Our study contained both strengths and limitations. The strength was that it was a study undertaken in the context of normal course units with their usual assessment practices. One of the key limitations is the generalisability of results due to the moderate sample size situated within a specific teaching domain. Even though the sample size was deemed acceptable, a larger sample size would have facilitated the use of more powerful analyses. We did not differentiate between of the type of students (undergraduate vs postgraduate) in the study design, which may have impacted the sensitivity of our results. Additionally, we did not include a control group to verify the effects of formative assessment. Future research directions could also include qualitative research around testing of assumptions of low-performing students’ self-assessment capabilities and behaviours.
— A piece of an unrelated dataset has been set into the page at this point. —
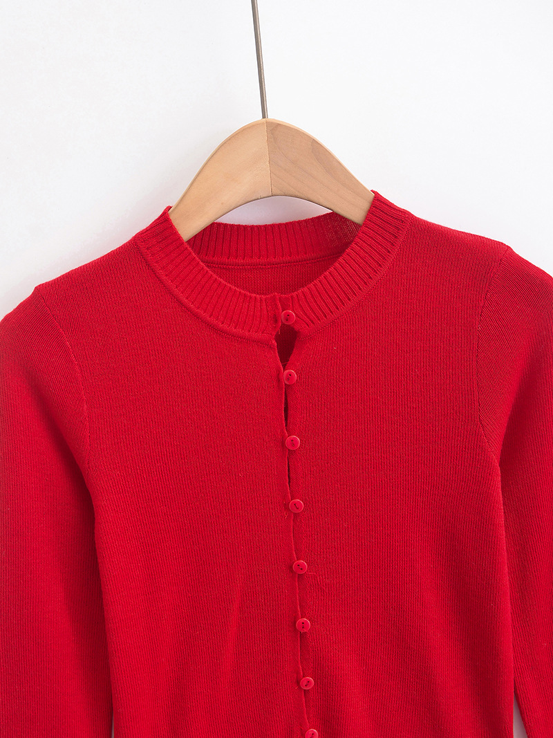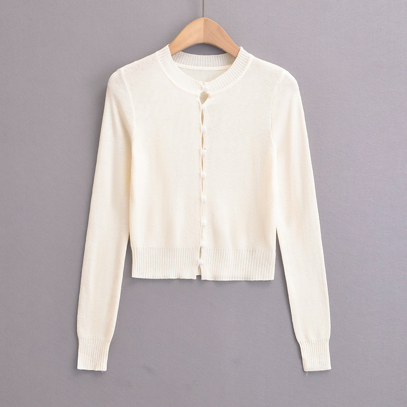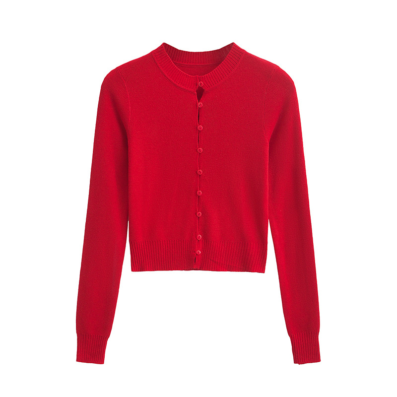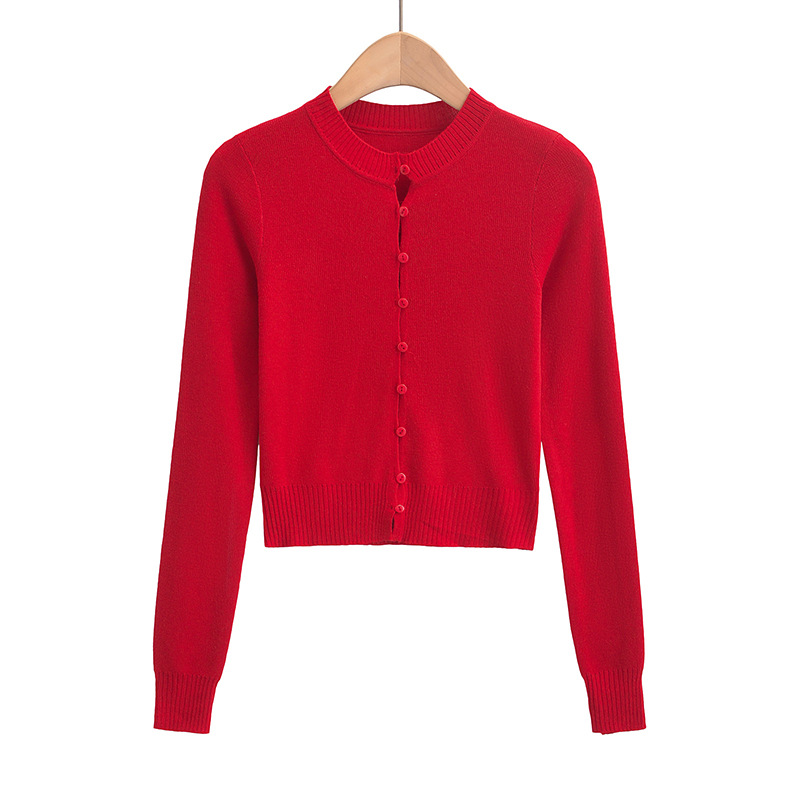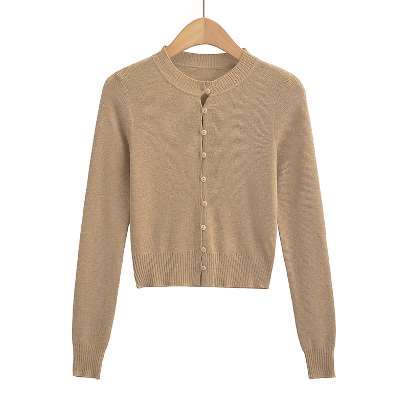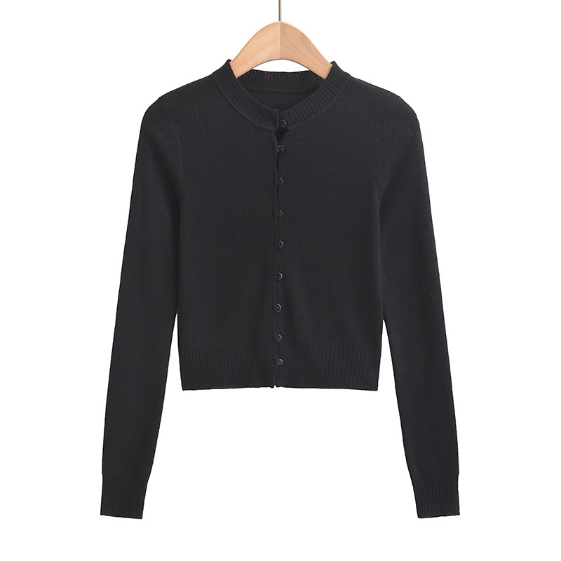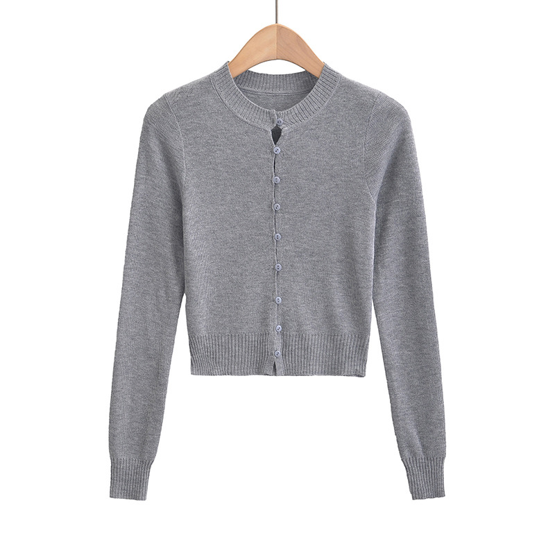 심플 아우터웨어 라운드 넥 싱글 브레스트 니트 카디건 여성 가을 2024 짧은 슬림 핏 솔리드 컬러 긴팔 스웨터 트렌디 코트스토어 가기

This study has implications for both practice and research. The results help in making more effective peer assessment design decisions and enhancing teaching and learning practices. Learning activities could be modified to encourage collaboration rather than competition (incentives for encouraging peers to contribute). Multiple formative opportunities could be provided to enhance confidence in self and peer assessment. Other learning activities such as co-creation or exploration of criterion-referenced rubrics along with discussion and examples can also enhance shared understanding of standards and improved consistency in marking. Educating students on how their enabling grade inflation behaviour could hurt their peers in the long run may also reduce inaccurate marking. In terms of mark calculation, final mark moderation methods could be instituted to discourage students’ discomfort around impacting on final mark. Allocating sufficient weight to the peer mark may also ensure students take this activity seriously. Future research might therefore investigate which combination of these types of modifications result in more accurate peer assessments and students’ formation of good judgements.

Conclusion

This study examined students’ judgement ability and behaviour in collaborative group assessment (teamwork) context by testing the relationship between actual and perceived contribution levels and performance outcomes. The results confirm that use of summative assessment inhibits good judgement, even though students are capable of judging peers’ performance accurately, consistently and without bias when the mark is not counted towards the final grade. During a formative regime, students were more honest in assessing their peers, but tended to be overly generous when their mark is counted towards their final grade. This is more pronounced for underperformers in a summative situation. Some level of assessment bias was noted particularly for the summative regime and for low-performing students.

This study contributes to the peer assessment literature in a number of ways. Firstly, it offers a novel method for exploring peer assessment accuracy, consistency and assessment bias in process context—especially when collaborative group assessment is a social process (and students are the most appropriate candidates to judge peers interpersonal skills and behaviours). It employs actual and self-perceived contribution to investigate peer assessment concerns. Furthermore, it compares peer marking behaviour patterns during formative and summative assessment regimes to address concerns regarding peer assessment. Finally, this study examines the interplay between actual and self-perceived contribution levels in assessing the prevalence of peer assessment bias. Work within this realm is important to ensure students are appropriately prepared for the future world of work, where teamwork is an important skill not only to possess but to accurately determine others’ ability to work in teams also.